The FDA approved Xyrem (sodium oxybate) in July 2002 as the first and only treatment for cataplexy in patients with narcolepsy. In November 2005, the FDA approved Xyrem to treat excessive daytime sleepiness in patients with narcolepsy.
The effectiveness of Xyrem for the treatment of narcolepsy symptoms was established in four multi-center, placebo-controlled, studies over a period of time between four and eight weeks. The studies examined three dosages of Xyrem (4.5g per night, 6g per night and 9g per night) taken in two equally divided doses (the first at bedtime and the second 2.5 to four hours later).
Two well-controlled clinical trials demonstrated that Xyrem at doses of 6g and 9g per night is effective at subjectively (as measured by the Epworth sleepiness scale) and objectively (as measured by the maintenance of wakefulness test) improving excessive daytime sleepiness.

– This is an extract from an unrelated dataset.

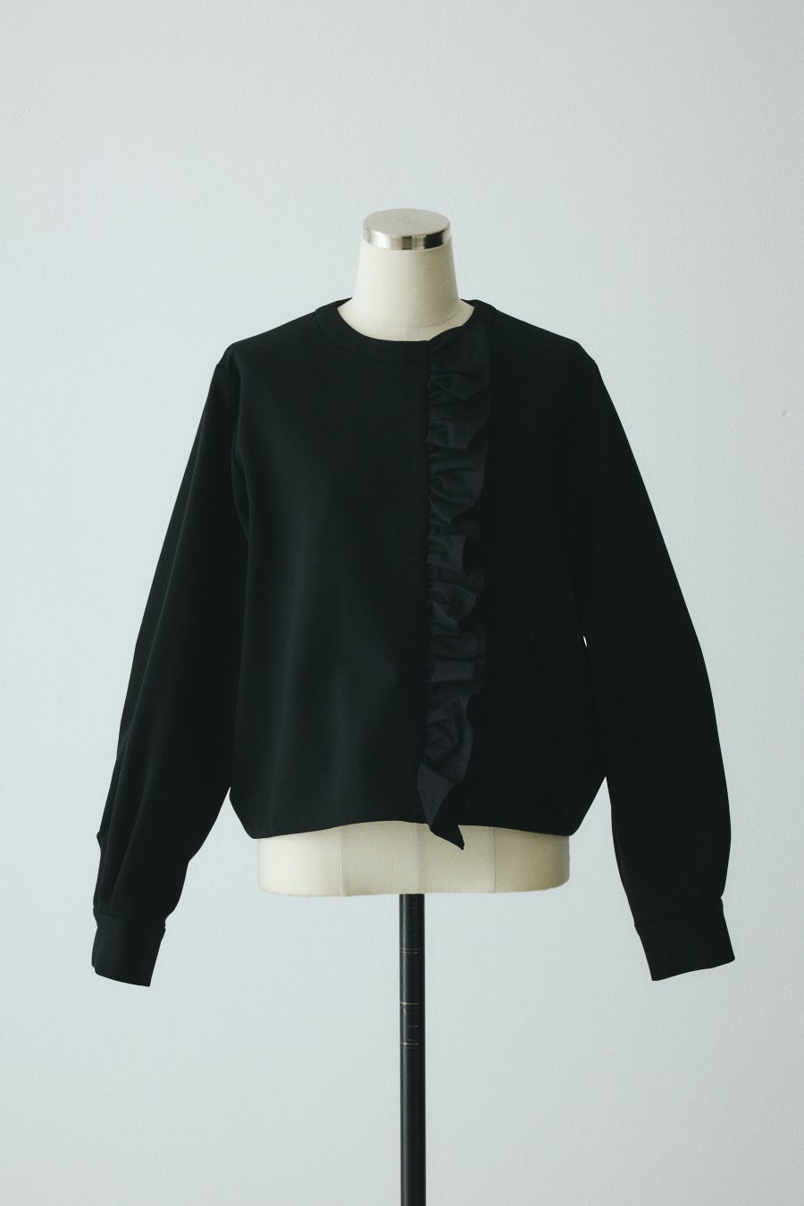さりげないフリルをあしらったトップス。細かいシルエットにまでこだわり、少し丸みのあるボディーに仕上げています。ふっくらとしたハリのある素材を使用することでしっかりとシルエットが出ています。伸縮性のあるポリエステル繊維を使用した、二重織2WAY素材。着心地の良いふくらみ感があり、フリル部分はハリコシのあるコットン薄手平織り素材。

In addition, two well-controlled clinical trials demonstrated that all dosages of Xyrem significantly reduced the frequency of cataplexy attacks.
Furthermore, patients on the 6g or 9g per night doses saw significant improvements in symptom severity – with the majority of them rating much or very much improved on the clinical global impression of change (CGI-C) in day and nighttime symptoms scale.
Xyrem was also generally well tolerated and no treatment-related serious adverse events were reported.